If you look at an end-to-end workflow in any enterprise, there’s no way these startups are going to build all these little custom agents that they need, so might as well create a way for people to go build their own custom agents. Most of the big companies, Salesforce, Snowflake, Databricks, OpenAI are all starting to talk about custom enterprise agents. How do you build them? How do you deploy them, using the data that already lives on their platform? Each of them is taking a very different approach.
Salesforce coming at it from having all your customer data in there. To Databricks and Snowflake coming at it from a very different perspective, because they’re being your warehouse or your data lake. To OpenAI, of course, coming in with having both the LLM. This is really the choice that you have. Do you use off-the-shelf or do you build your own custom enterprise agents? The real answer is, as long as you can use an off-the-shelf agent, you want to do that.

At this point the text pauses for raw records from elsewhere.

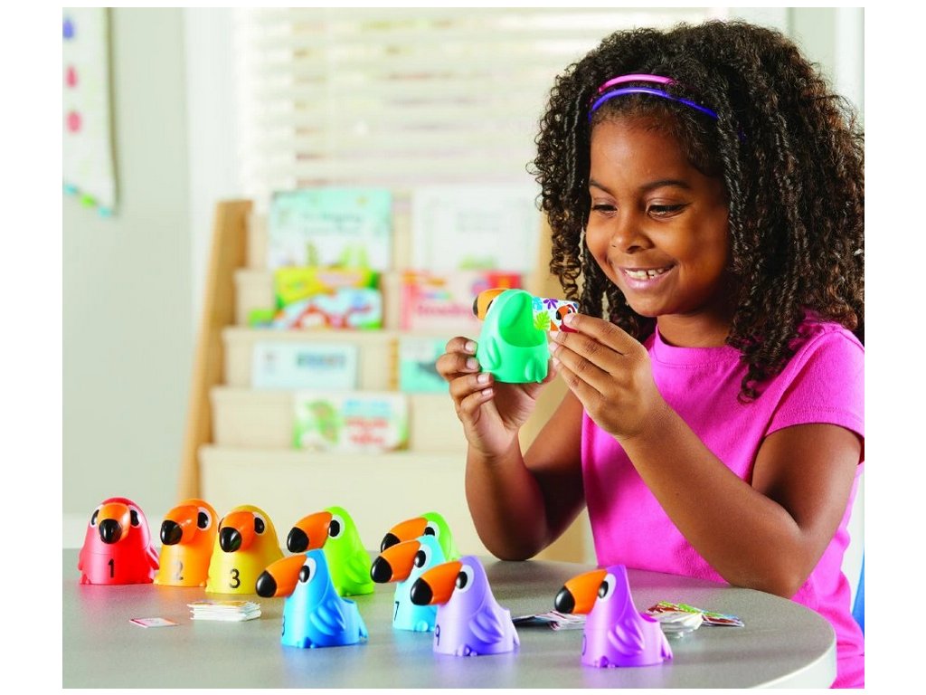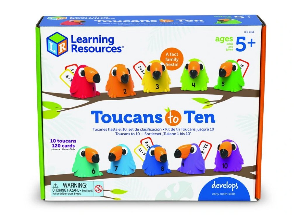 Learning Resources Toucans to 10 je interaktivní matematická sada, která promění výuku sčítání a odčítání v barevnou a zábavnou hru. Set obsahuje deset středně velkých tukaních figurek číslovaných od 1 do 10, každá v živé barvě, a k nim 120 karet s rovnicemi (addice a subtrahce).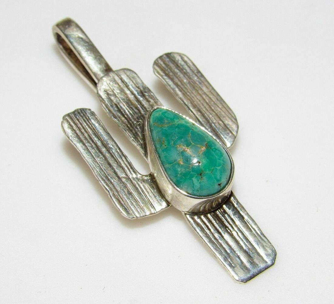 For your consideration is this spectacular Native American Navajo sterling silver and turquoise saguaro cactus pendant by the collectible Adam Fierro. This fabulous pendant features an intricately hand etched symbol of the southwest in sterling silver, accented with gorgeous Royston turquoise stone. The pendant is signed by the artist and measures about 2 1/4" long including the bail by about 1" wide at the widest point. Stunning symbol of the southwest hand etched by the Navajo artist to add to any collection!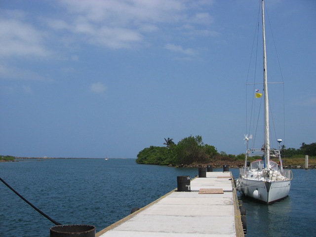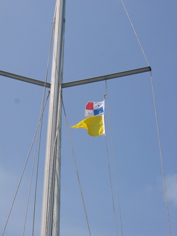 Enfin je passe le brise lame de Colon, le drapeau panaméen (fait à la main) dans les haubans par politesse et le drapeau jaune pour informer l’immigration que j’ai conscience de ne pas être en règle et que je compte m’occuper de la paperasse avec sérieux et le plus vite possible.

There’s just not going to be enough off-the-shelf agents. In that case, you might want to build a custom agent for yourself. It is really hard.
Custom AI Agents – Infra Stack and Abstractions
That’s what we’re going to talk about. What are the challenges in building these custom agents? Where is the infra stack today? What are the abstractions that you want to think about and layer on? How do you approach this problem space? I’m just going to simplify the infra building blocks here. Most of these are things that you’ve already done for your applications. This is where all the learning that you’ve had in building enterprise applications really transfers over. Of course, at the foundational level, you have the foundation models, that’s what’s giving you the reasoning.

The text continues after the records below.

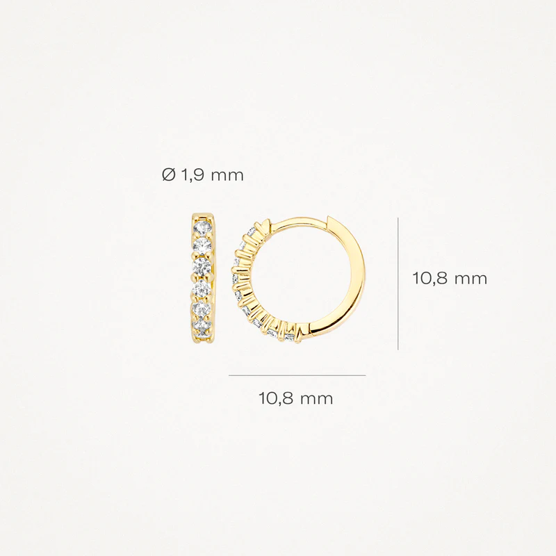 Deze sprankelende oorringen met witte zirkonia hebben een ronde vorm. Ze zijn gemaakt van 14k geelgoud en hebben een dikte van 1,9 mm en een hoogte van 12,5 mm. Prachtig op zichzelf, maar ook heel mooi in combinatie met oorbedels en andere (oor)sieraden uit onze collectie.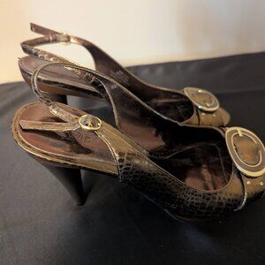 Carlos by Carlos Santana peep-toe slingback heels with a buckle design and reptile print. Made in China. General wear and tear as pictured.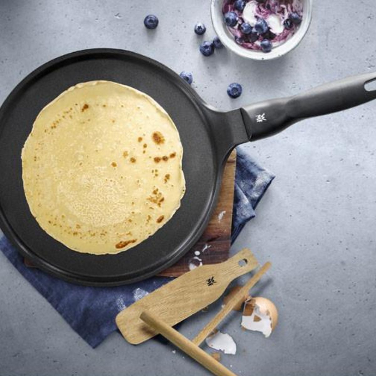 The WMF Permadur Non-Stick Crepe Pan is a truly versatile helper. With this wonderful Set you can easily and conveniently prepare delicious crêpes, without worrying about them sticking. The Set includes, in addition to the pan for your crepes and pancakes, a wooden spreader to distribute the batter and a wooden spatula to flip the crepe with ease.

Then you have your data layer, whether it’s your data lake, and of course, your vector database, giving you the memory. The context and memory and the reasoning give you the foundation. As you get into the many micro agents that we talked about, the real challenges are going to show up in the orchestration and governance layer. Because somebody was asking me, again, isn’t it easier for us to just wait for the reasoning to become so good that we don’t have to deal with any of this? Not really. Because if you think about how this is developing, I’m going to give you a real example, it’s not like, let’s say you’ve been hiring high school interns at work. They’re your equivalent of saying, I just have a simple foundational model that can do simple tasks using general knowledge.
As these models get better, it’s not like you’re suddenly getting a computer science engineer or you’re getting some PhD researcher. What you’re really getting is the IQ of that intern has gotten better and higher, but they’re still not super specialized, so you will have to give it the context. You will have to build in the specialization, irrespective of how much advancement you start seeing. You will see a lot more advancement on the reasoning side, but all these other building blocks are still with you. The governance layer here is really complicated. Again, a lot of the primitives that we’ve had on the application governance, it still carries over. How do you think about access controls? How do you think about privacy? How do you think about access to sensitive data? If an agent can act on your behalf, how do you make sure that these agents are carrying over the privileges that were assigned to the person who created the agent? There’s a lot of complexity that you need to think through.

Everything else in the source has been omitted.